Print the data below verbatim, minus images.

**Dataset excerpt**:
^^^^^^^^
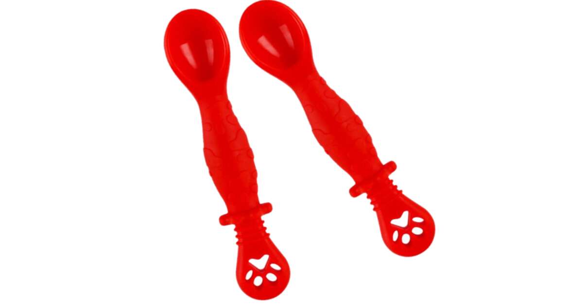 Babylöffel zum Füttern und Diversifizieren Baby 4-24 Monate, Silikon, rutschfeste Rillen, 2er-Set, Rot
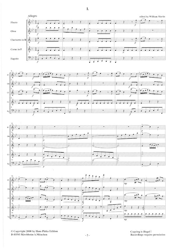 für Flöte, Oboe, Klarinette, Horn, Fagott
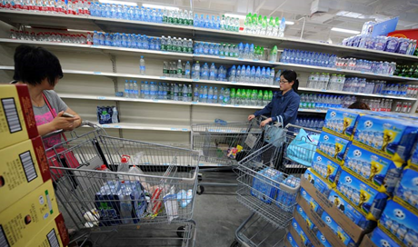 2014年5月18日中午,浙江富陽,記者來到當地的沃爾瑪超市,大批市民涌入超市急購瓶裝飲用水,大批貨柜上的礦泉水被搶購一空。富陽市人民政府今日發布通告,稱7時接杭州市環保局和桐廬縣環保局通報,桐廬縣發生運輸車側翻泄漏事故,部分四氯乙烷泄漏至富春江。富陽市政府決定,富春江沿線各取水單位暫停從富春江取水,從12時起暫停自來水供應。
^^^^^^^^
**Solution to this problem**:
 Babylöffel zum Füttern und Diversifizieren Baby 4-24 Monate, Silikon, rutschfeste Rillen, 2er-Set, Rot
 für Flöte, Oboe, Klarinette, Horn, Fagott
 2014年5月18日中午,浙江富陽,記者來到當地的沃爾瑪超市,大批市民涌入超市急購瓶裝飲用水,大批貨柜上的礦泉水被搶購一空。富陽市人民政府今日發布通告,稱7時接杭州市環保局和桐廬縣環保局通報,桐廬縣發生運輸車側翻泄漏事故,部分四氯乙烷泄漏至富春江。富陽市政府決定,富春江沿線各取水單位暫停從富春江取水,從12時起暫停自來水供應。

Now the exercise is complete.